__Work required__: Every line below between the line holding "火龍果果實汁多味清甜、除鮮食" and the line holding "11月8日中午,国家足球学院", inclusive, should be repeated exactly, and all other lines omitted.

__Given data__:
+ + +

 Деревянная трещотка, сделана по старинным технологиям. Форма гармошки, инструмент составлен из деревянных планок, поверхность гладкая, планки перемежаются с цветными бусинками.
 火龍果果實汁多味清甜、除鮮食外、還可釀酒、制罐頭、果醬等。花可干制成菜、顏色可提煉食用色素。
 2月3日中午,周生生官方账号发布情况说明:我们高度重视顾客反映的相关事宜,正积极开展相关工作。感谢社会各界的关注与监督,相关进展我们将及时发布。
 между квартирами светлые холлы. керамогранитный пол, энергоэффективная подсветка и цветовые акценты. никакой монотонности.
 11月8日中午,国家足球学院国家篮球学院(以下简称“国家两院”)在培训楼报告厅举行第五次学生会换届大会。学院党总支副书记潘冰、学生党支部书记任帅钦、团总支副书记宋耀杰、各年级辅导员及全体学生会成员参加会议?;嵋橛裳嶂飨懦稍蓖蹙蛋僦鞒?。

+ + +

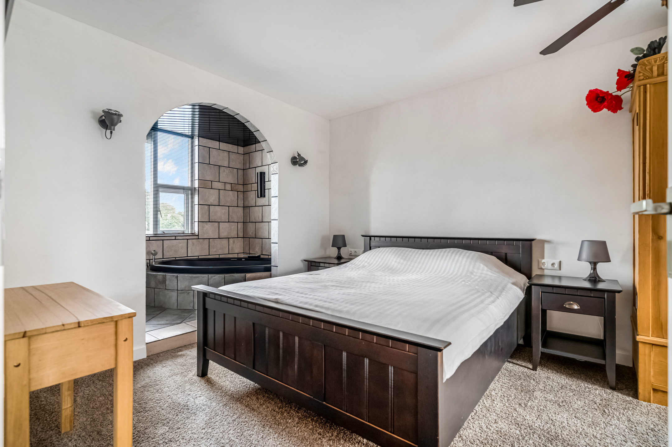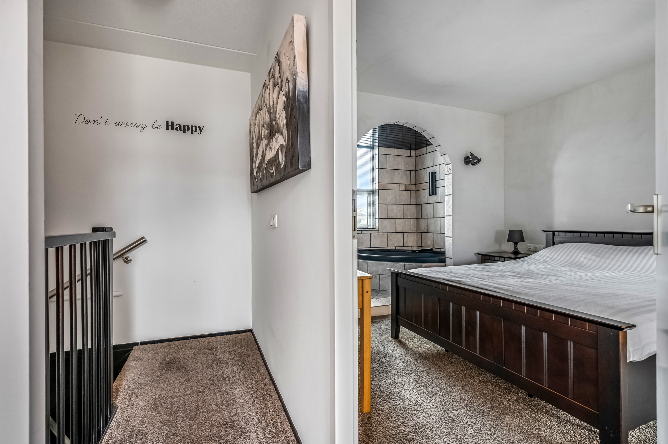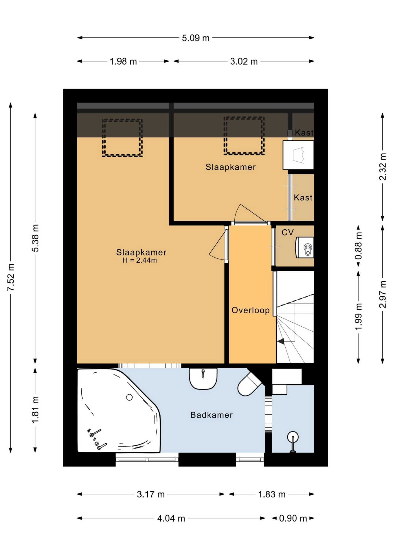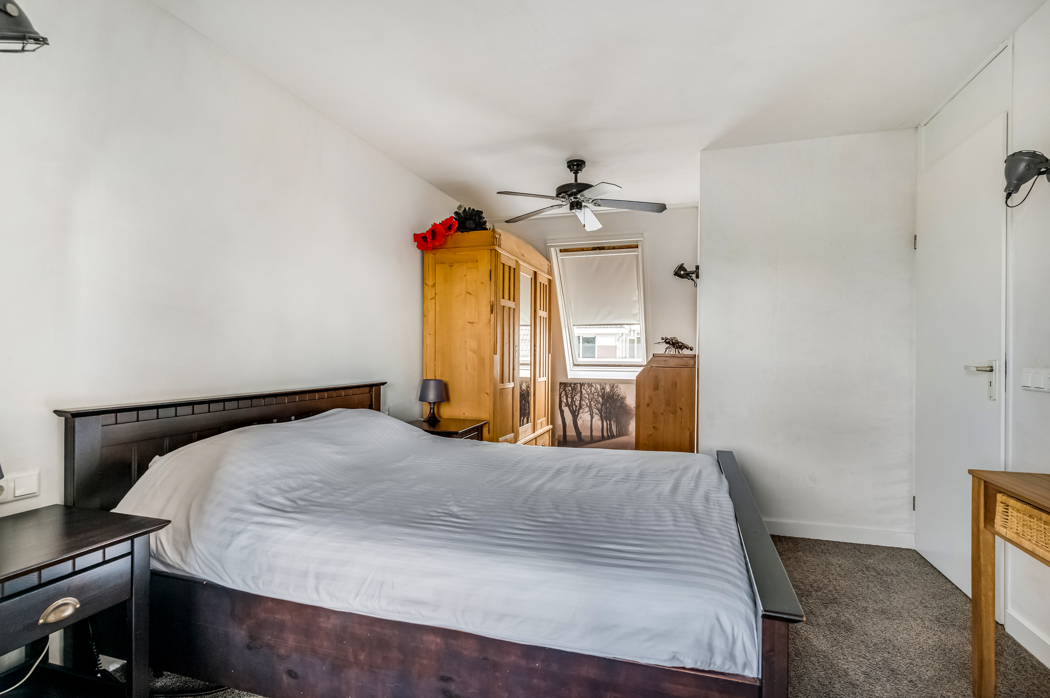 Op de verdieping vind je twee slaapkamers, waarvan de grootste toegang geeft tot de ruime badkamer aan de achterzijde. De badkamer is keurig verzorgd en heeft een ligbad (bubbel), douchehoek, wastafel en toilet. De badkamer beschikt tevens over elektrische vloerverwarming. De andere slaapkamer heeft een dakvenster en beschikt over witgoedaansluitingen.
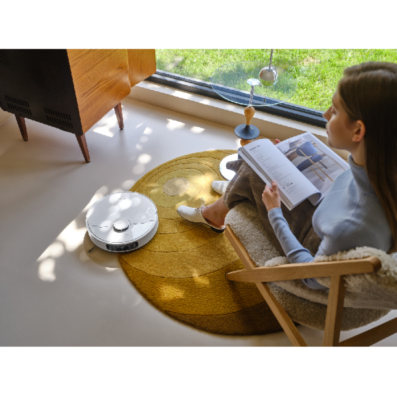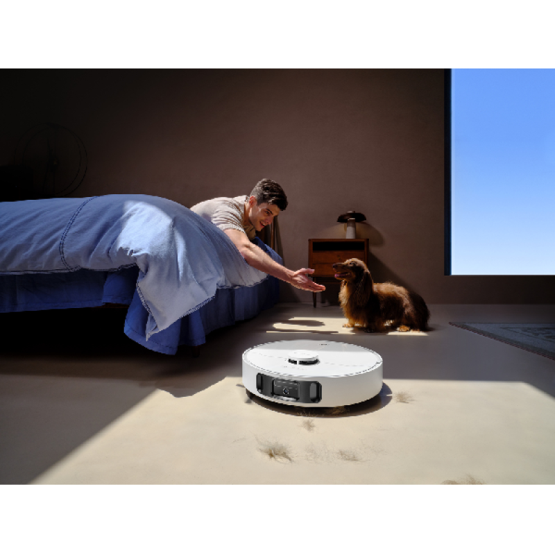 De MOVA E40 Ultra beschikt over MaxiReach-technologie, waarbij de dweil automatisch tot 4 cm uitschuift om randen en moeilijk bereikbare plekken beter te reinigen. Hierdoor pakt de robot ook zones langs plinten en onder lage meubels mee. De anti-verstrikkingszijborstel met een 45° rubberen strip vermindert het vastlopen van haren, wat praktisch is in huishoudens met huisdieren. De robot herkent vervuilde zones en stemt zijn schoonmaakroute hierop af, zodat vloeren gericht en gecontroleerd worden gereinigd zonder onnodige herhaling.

+ + +

__Response below__:
 火龍果果實汁多味清甜、除鮮食外、還可釀酒、制罐頭、果醬等。花可干制成菜、顏色可提煉食用色素。
 2月3日中午,周生生官方账号发布情况说明:我们高度重视顾客反映的相关事宜,正积极开展相关工作。感谢社会各界的关注与监督,相关进展我们将及时发布。
 между квартирами светлые холлы. керамогранитный пол, энергоэффективная подсветка и цветовые акценты. никакой монотонности.
 11月8日中午,国家足球学院国家篮球学院(以下简称“国家两院”)在培训楼报告厅举行第五次学生会换届大会。学院党总支副书记潘冰、学生党支部书记任帅钦、团总支副书记宋耀杰、各年级辅导员及全体学生会成员参加会议?;嵋橛裳嶂飨懦稍蓖蹙蛋僦鞒?。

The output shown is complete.